⟨

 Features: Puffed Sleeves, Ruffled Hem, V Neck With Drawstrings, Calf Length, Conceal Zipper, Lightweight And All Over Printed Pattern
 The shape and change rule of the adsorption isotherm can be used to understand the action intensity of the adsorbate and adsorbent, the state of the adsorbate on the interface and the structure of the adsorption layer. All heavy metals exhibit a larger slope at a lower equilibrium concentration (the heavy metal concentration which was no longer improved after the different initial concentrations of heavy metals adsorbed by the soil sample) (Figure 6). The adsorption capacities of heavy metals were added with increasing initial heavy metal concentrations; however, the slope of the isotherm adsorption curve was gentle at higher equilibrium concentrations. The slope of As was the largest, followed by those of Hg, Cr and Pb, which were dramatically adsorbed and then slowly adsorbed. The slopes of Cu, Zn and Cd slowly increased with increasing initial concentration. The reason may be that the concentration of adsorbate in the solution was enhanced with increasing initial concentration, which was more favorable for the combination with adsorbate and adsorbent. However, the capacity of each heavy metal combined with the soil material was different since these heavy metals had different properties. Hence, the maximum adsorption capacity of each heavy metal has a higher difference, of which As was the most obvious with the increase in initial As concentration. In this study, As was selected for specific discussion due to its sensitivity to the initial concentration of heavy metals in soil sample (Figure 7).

⟩
⟨

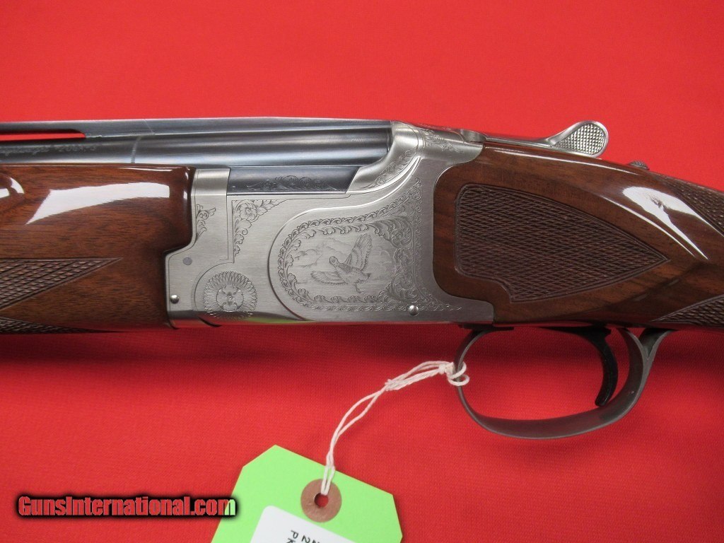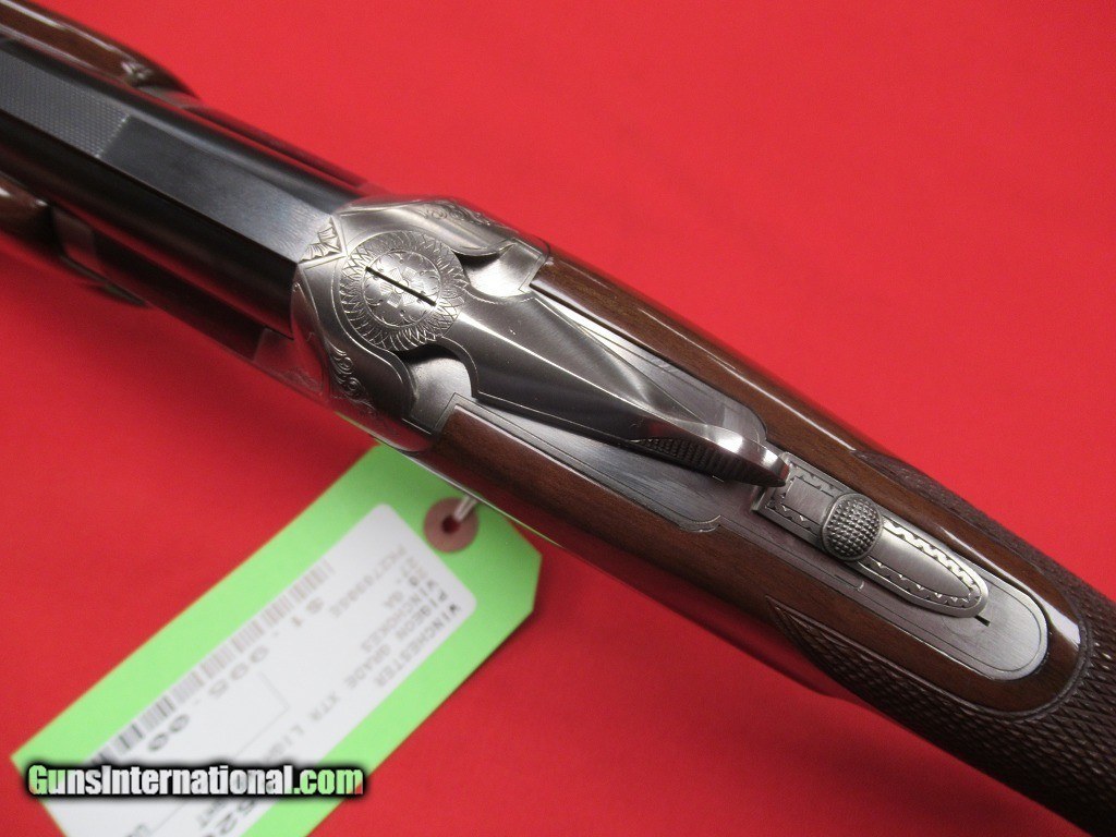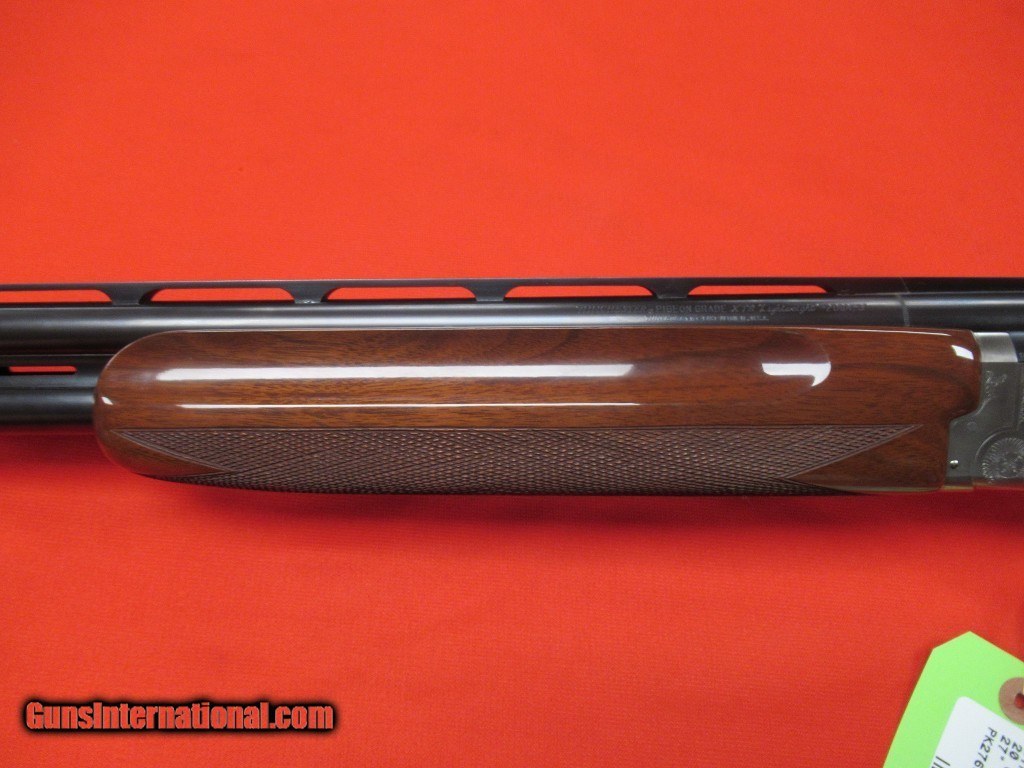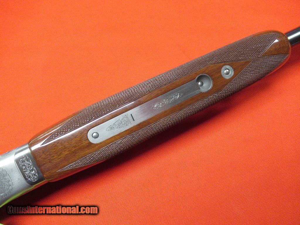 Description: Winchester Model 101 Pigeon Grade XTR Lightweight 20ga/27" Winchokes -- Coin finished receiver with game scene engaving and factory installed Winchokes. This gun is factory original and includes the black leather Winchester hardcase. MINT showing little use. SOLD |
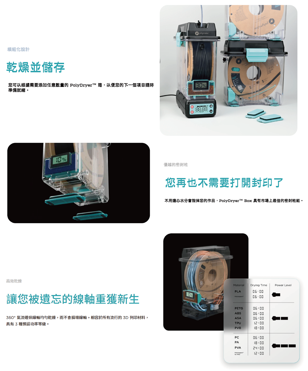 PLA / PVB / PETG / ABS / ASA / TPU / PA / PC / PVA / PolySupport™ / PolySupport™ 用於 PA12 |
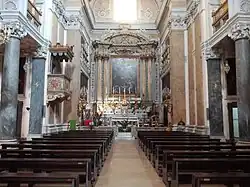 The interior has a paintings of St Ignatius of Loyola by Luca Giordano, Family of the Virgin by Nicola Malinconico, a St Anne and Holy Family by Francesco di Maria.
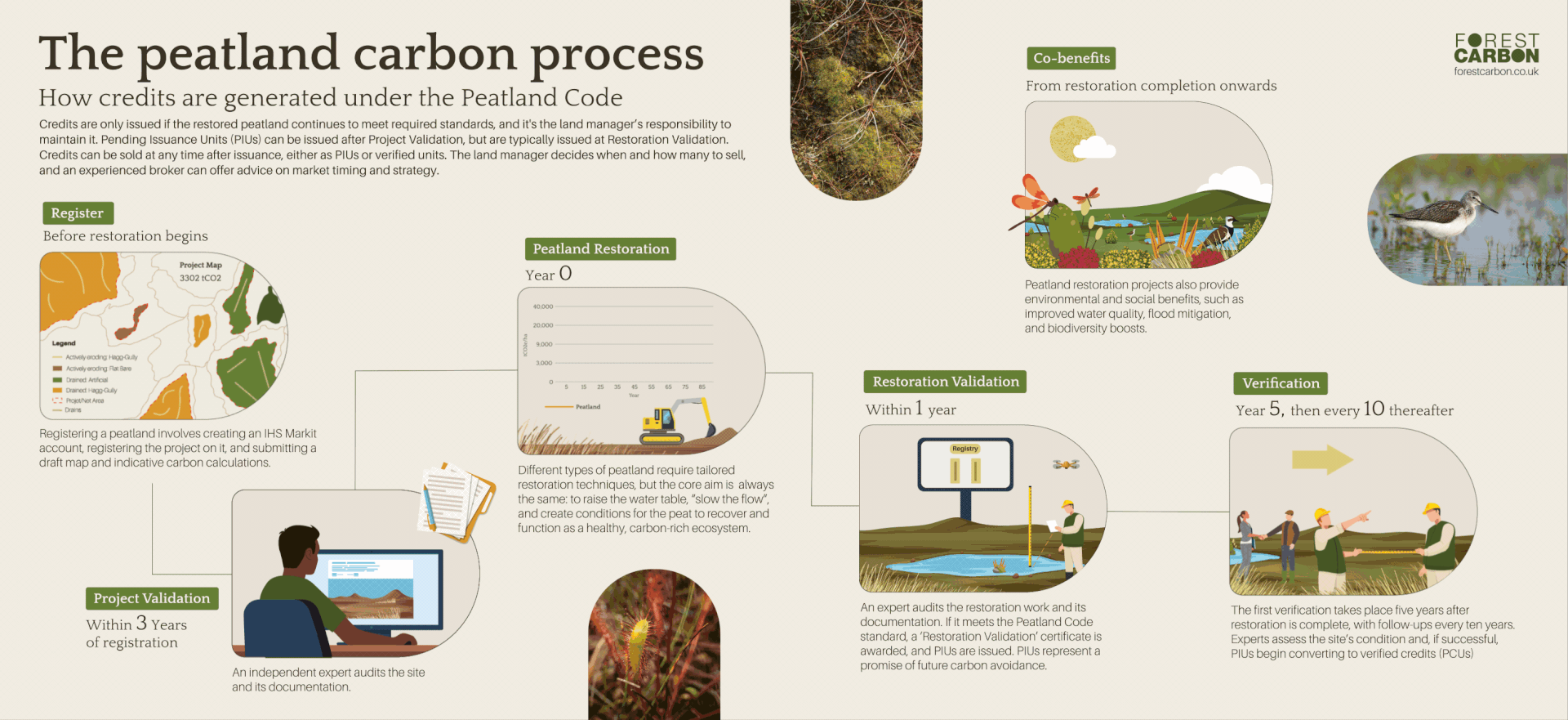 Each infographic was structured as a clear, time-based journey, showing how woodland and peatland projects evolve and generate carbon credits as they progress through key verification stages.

⟩

→ **YOUR INSTRUCTIONS**
Output the lines of the records above exactly as they appear, from the line containing "Features: Puffed Sleeves, Ruffled" through the line containing "The shape and".

→ **RESULT OF THE TASK**
 Features: Puffed Sleeves, Ruffled Hem, V Neck With Drawstrings, Calf Length, Conceal Zipper, Lightweight And All Over Printed Pattern
 The shape and change rule of the adsorption isotherm can be used to understand the action intensity of the adsorbate and adsorbent, the state of the adsorbate on the interface and the structure of the adsorption layer. All heavy metals exhibit a larger slope at a lower equilibrium concentration (the heavy metal concentration which was no longer improved after the different initial concentrations of heavy metals adsorbed by the soil sample) (Figure 6). The adsorption capacities of heavy metals were added with increasing initial heavy metal concentrations; however, the slope of the isotherm adsorption curve was gentle at higher equilibrium concentrations. The slope of As was the largest, followed by those of Hg, Cr and Pb, which were dramatically adsorbed and then slowly adsorbed. The slopes of Cu, Zn and Cd slowly increased with increasing initial concentration. The reason may be that the concentration of adsorbate in the solution was enhanced with increasing initial concentration, which was more favorable for the combination with adsorbate and adsorbent. However, the capacity of each heavy metal combined with the soil material was different since these heavy metals had different properties. Hence, the maximum adsorption capacity of each heavy metal has a higher difference, of which As was the most obvious with the increase in initial As concentration. In this study, As was selected for specific discussion due to its sensitivity to the initial concentration of heavy metals in soil sample (Figure 7).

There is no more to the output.